IPs vs FQDN — which to use?

  • FQDN (recommended for Aurora and any RDS cluster with failover): set FQDN to the cluster endpoint, and set resolverIP to the VPC's .2 resolver unless the agent can already resolve the endpoint on its own. The agent re-resolves on connect, so there is no identity change required on failover — but plan for the full 60–120 s window (failure detection, replica promotion, DNS update, propagation), not just Aurora's ~30 s DNS TTL. See Aurora failover in Operations.
  • IPs (only when you control the target's IP stability): a single-instance RDS that you don't expect to recycle, or a static private IP behind a network appliance. The agent will route to exactly those IPs — if RDS recycles the underlying instance and the IP changes, you must update the identity manually.

For most ShakaCode setups, use FQDN — and a TLS RDS/Aurora connection needs the FQDN as the DATABASE_URL host anyway so the certificate matches (see Step 5). The IPs form is shown here mainly to make the schema concrete and for the rare case where you want to pin to a specific IP.

Step 5 — Point the workload at the resource

The workload's DATABASE_URL uses the RDS/Aurora endpoint (the FQDN you declared in step 4) as the hostname, not the short resource name — see the TLS note below for why. CPLN still routes the endpoint through the agent because it's declared in networkResources.

CPLN's cpln://secret/<name>.<key> syntax substitutes the entire env var value at workload startup — it is not a substring interpolation. So you have three options for assembling a DATABASE_URL that includes a secret password:

TLS requirement — use the FQDN endpoint as the host. RDS and Aurora require TLS by default in current parameter groups, and their certificate is issued for the actual cluster endpoint. Per Control Plane, a TLS resource must be reached by its FQDN: connecting through the short networkResources name (db-primary) fails the TLS handshake unless you disable certificate validation. So use the real endpoint (e.g. myapp-prod.cluster-xxxxx.us-east-2.rds.amazonaws.com) as the DATABASE_URL host in every example below. CPLN routes it through the agent because that FQDN is declared in networkResources.

Always include sslmode=require so the connection is encrypted; without it, newer clusters refuse the connection and older ones silently fall back to unencrypted.

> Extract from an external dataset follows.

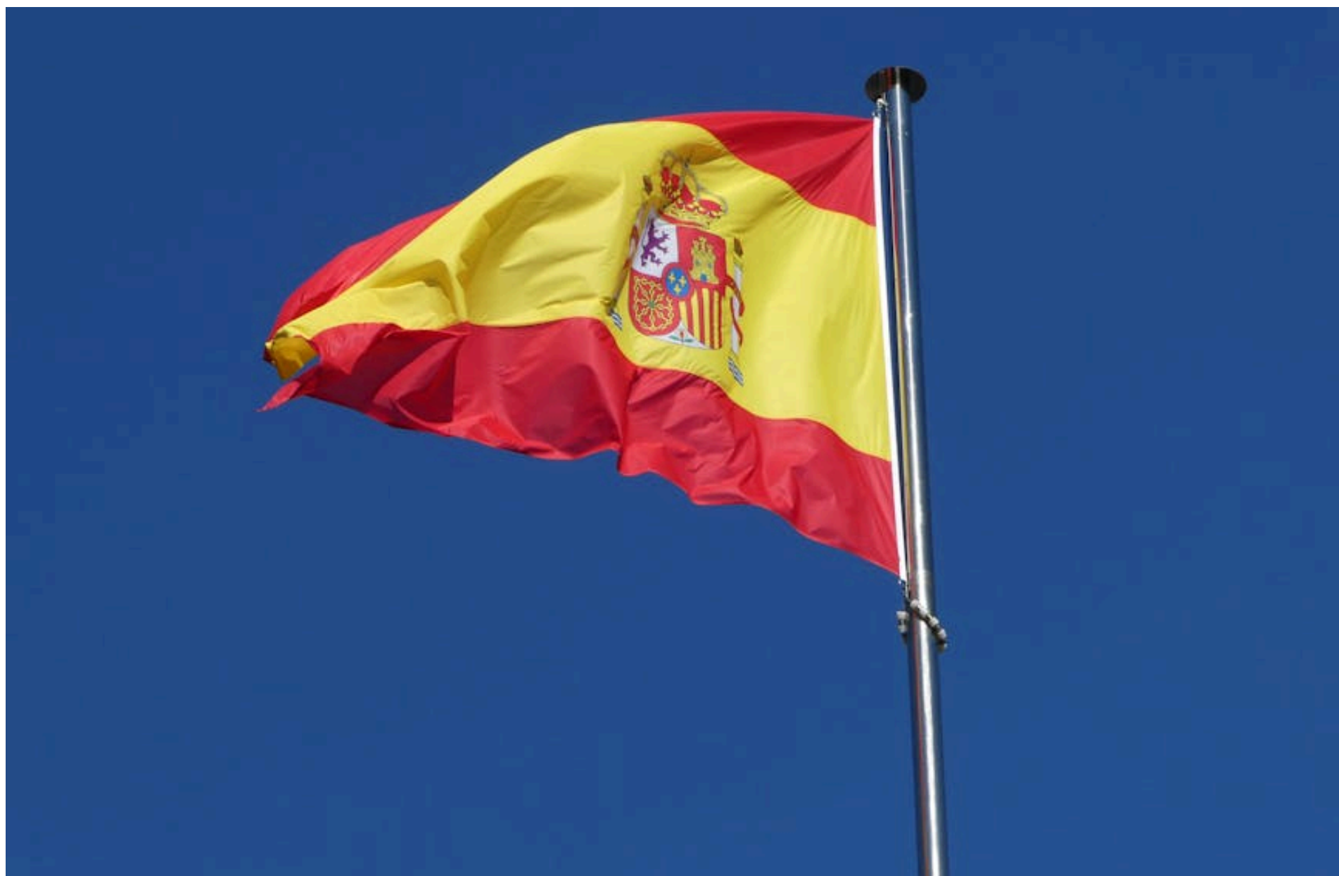
Іспанія / © pexels.com

КАРПЕЦЬ ОЛЕКСАНДР — 27 Травня 2026, 20:05 1 Min Read — ПОЛІТИКА

Because the host now matches the certificate, the stricter verify-ca / verify-full modes also work — add the AWS RDS CA bundle to the container image and reference it with sslrootcert=/path/to/rds-ca.pem (or PGSSLROOTCERT). See the AWS RDS SSL/TLS docs.

Option A: store the full URL in a secret (simpler). Recommended for production where the DB credentials rarely change.

Add the connection string to the existing app dictionary secret created by cpflow setup-app (my-app-secrets in these examples). Use the CPLN UI (Secrets → select the app secret → add keys) — it's the safest place to enter credentials and avoids shell history, tty echo, and plaintext request bodies entirely.

⚠️ CLI form below is reference-only. It writes credentials to your shell history, local disk, and the cpln request body in plaintext. The common "prefix with a space" trick only works when HISTCONTROL includes ignorespace or ignoreboth, which is not set by default on many stripped-down bastion/EC2 shells. Prefer the UI for any real credential.

# Reference only — prefer the UI. mktemp gives an unpredictable, owner-only (mode 600) file —
# safer than a fixed path under world-readable /tmp.
secret_file=$(mktemp)
cpln secret reveal my-app-secrets --org my-org -o yaml-slim > "$secret_file"
# Edit "$secret_file" and add these keys under data, preserving existing entries:
#   url: "postgres://app:[email protected]:5432/myapp_production?sslmode=require"
#   url_readers: "postgres://app_readonly:readsecret@myapp-prod.cluster-ro-xxxxx.us-east-2.rds.amazonaws.com:5432/myapp_production?sslmode=require"
cpln apply --file "$secret_file" --org my-org
rm -f "$secret_file"

Secret policy target. cpflow setup-app creates the app secret (my-app-secrets) and a secrets policy that targets only that secret. If you instead store database values in a separate secret such as my-app-database, add //secret/my-app-database to the existing policy's targetLinks while preserving //secret/my-app-secrets; otherwise cpln://secret/my-app-database... references will fail at workload startup even if the identity has a reveal binding.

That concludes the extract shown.